“Sly, charming, and devilishly clever, The Ideas in Things whisks its reader beyond the covers of four Victorian novels in pursuit of the associations more traditional readings overlook. Freedgood offers a new approach to realism in these pages—one that dares to risk being called literal-minded—as it tracks down the secret histories of things.”
— Mary Poovey, author of A History of the Modern Fact
“Elaine Freedgood makes a major critical intervention by proposing a powerful method of reading for occluded histories in novels. The scam of fiction is that the uncomfortable pasts of slavery, genocide, and imperialism (to name a few) are ever present before our eyes, in the objects that proliferate in novels, but we have become habituated to give them little or no attention. In brilliantly reading ‘things’ for the histories they simultaneously reveal and foreclose, Freedgood has made it impossible to think about the Victorian novel apart from the cultural memory it both gestures towards and suppresses.”
— Gauri Viswanathan, author of Outside the Fold: Conversion, Modernity, and Belief >
“By taking things seriously—by recognizing that the most inconsequential of objects can in fact be an object of considerable consequence—Elaine Freedgood performs a wonderful feat. She not only defamiliarizes the most familiar Victorian novels; she also reads them as a way of disclosing the social lives of things and the multiple histories that lie encrypted within them. The Ideas in Things makes a major contribution to the materialist turn in literary criticism, and it makes a startling interruption in our habits of reading.”

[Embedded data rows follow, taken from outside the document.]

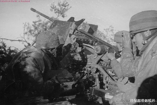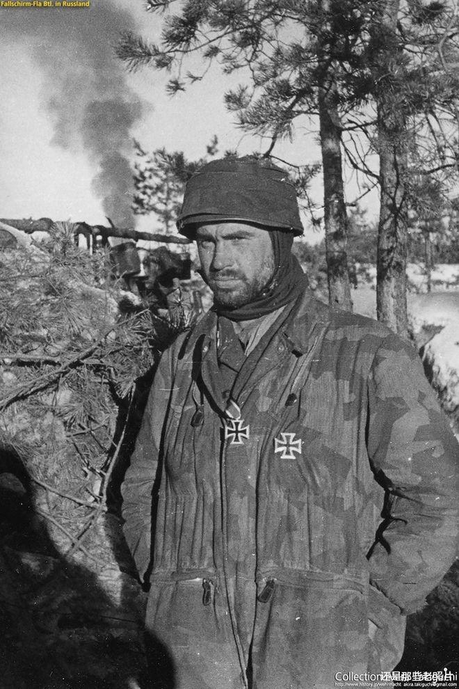 战壕中的一名德国伞兵,胸前配有两枚十字勋章,一枚为一级铁十字勋章,一枚为二级铁十字勋章。胡子拉碴的,一看就是老兵油子。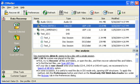 Поддерживается восстановление дисков, созданных с помощью drag and drop программ, таких как Adaptec DirectCD и Nero Burning ROM, даже записанных в мультисессии. Ищет и восстанавливает файлы на UDF-дисках. Работает с CD-DA, CD-ROM, CD-WO, CD-ROM XA, Mixed-Mode CD, Stamped Multisession CD, DVD-ROM, DVD-R, DVD-RW, DVD+R, DVD+RW.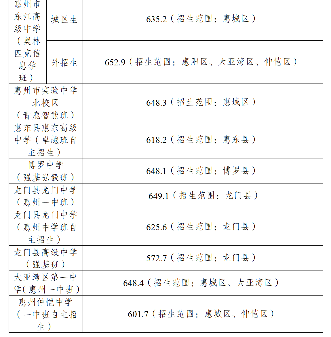 惠州中學(xué)惠城區(qū)錄取分?jǐn)?shù)線656.6分

— Bill Brown, author of A Sense of Things: The Object Matter of American Literature
“The Ideas in Things argues for a culture of objects—not yet commodities, much less fetishes, but genuinely fascinating and unpredictably mobile things with complex histories unacknowledged by the way we now read Victorian novels. Freedgood’s fresh and utterly original way of reading fiction by Charlotte Brontë, Elizabeth Gaskell, and Charles Dickens cracks open the archive of what she calls ‘thing culture’ and rescues the stuff of realism from the abstract and static condition of metaphors. Such seemingly benign objects as the furniture of Thornfield, the Bartons’ calico curtains, and Magwitch’s Australian tobacco consequently start telling us what they know about colonial deforestation, the slave trade, the famine in southern India, the genocide of aboriginal peoples, and many otherwise lost possibilities for meaning that would certainly have registered on Victorian readers. This book should inspire a generation of revisionary readings.”

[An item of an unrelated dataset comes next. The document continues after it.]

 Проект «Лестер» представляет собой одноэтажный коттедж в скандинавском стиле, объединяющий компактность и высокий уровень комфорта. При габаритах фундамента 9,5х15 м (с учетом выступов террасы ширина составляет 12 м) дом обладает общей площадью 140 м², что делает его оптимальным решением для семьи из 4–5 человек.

— Nancy Armstrong, author of How Novels Think: The Limits of Individualism from 1719-1900
"Ultimately, what Freedgood generates is far more than a new set of readings of key Victorian texts. Rather, this is a manifesto for a new way to read fiction that gets us beyond the limits of the allegorical. In her important project of recuperating the meaning of things, Freedgood demonstrates the considerable delights and rewards of literal-mindedness."
— Jordanna Bailkin, Victorian Studies
"This extremely instructive and readable contribution to our undersanding of things and the ideas they occlude should be most appreciated insofar as it provokes fresh contemporary readings of the Victorian novel."
— Daniel Nisa Caceres, Bryn Mawr Review of Comparative Literature
“Freedgood [demands] that we attend to the array of things that populate Victorian fiction but also [demonstrates] how we might in practice do so. For this reason, the book stands as an exemplary piece of twenty first-century Victorianist scholarship.”